Chapter 2 Data sources
Our data was collected from Twitter using the Tweepy API. Since we are interested in Elon Musk, we chose the keyword set of Elon Musk
, elonmusk
, @elonmusk
, tesla
, Tesla
. From October 28th to November 3rd, we collected data 7 days in a row. During the period when our program was running, we captured every real-time tweets that contain any of the above keywords. The data was collected in the form of a tweet object, and it contained not only the text of the tweet, but other valuable information worth exploring.
2.1 Dataset overview
After combining our dataset, we observed that a total of 471,996 tweets were collected. For a single tweet object, it contains 36 features. Below is a table of the features.

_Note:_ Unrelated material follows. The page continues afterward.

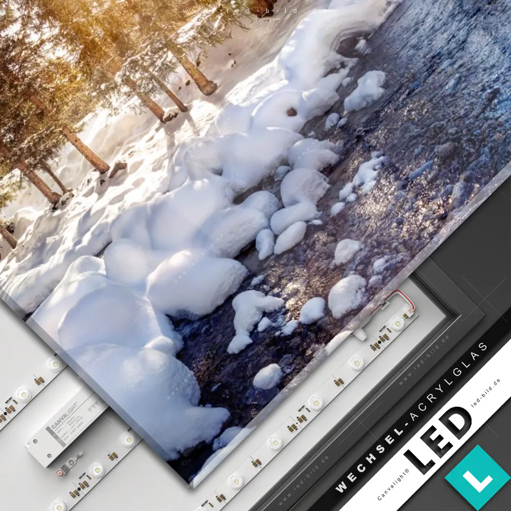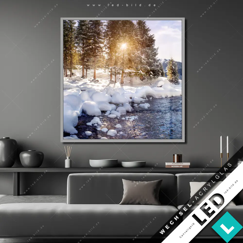 Canvalight® Wechsel-Acrylglas | Schneebedeckte Landschaft am Fluss | Quadrat

all variable of the raw data | |
---|---|
created_at | extended_tweet |
id | quote_count |
id_str | reply_count |
text | retweet_count |
display_text_range | favorite_count |
source | entities |
truncated | favorited |
in_reply_to_status_id | retweeted |
in_reply_to_status_id_str | filter_level |
in_reply_to_user_id | lang |
in_reply_to_user_id_str | timestamp_ms |
in_reply_to_screen_name | quoted_status_id |
user | quoted_status_id_str |
geo | quoted_status |
coordinates | quoted_status_permalink |
place | possibly_sensitive |
contributors | extended_tweet |
is_quote_status | quote_count |
One thing worth mentioning is that some of features are actually dictionaries. For example, in User
, there are actually 40 more sub features including username
,location
,description
, etc.. Counting those sub features, there are over 150 features in a tweet object and we have to choose carefully from them. Details of selected features and descriptions will be elaborated in the data transformation section.
2.2 Limitations
Since we do not have the resource to a cloud server, we were not able to run the program 24 hours every day in the period. Moreover, the start and end time for each date is different. We will need to find a overlapping period when conducting analysis relating to time. Another limitation is about a feature called “conversation_id”. It builds up a conversation by capturing replies to a specific tweet. However, it has to be configured during the data collection phase and our dataset does not have it. We will try some other methods to construct a conversation.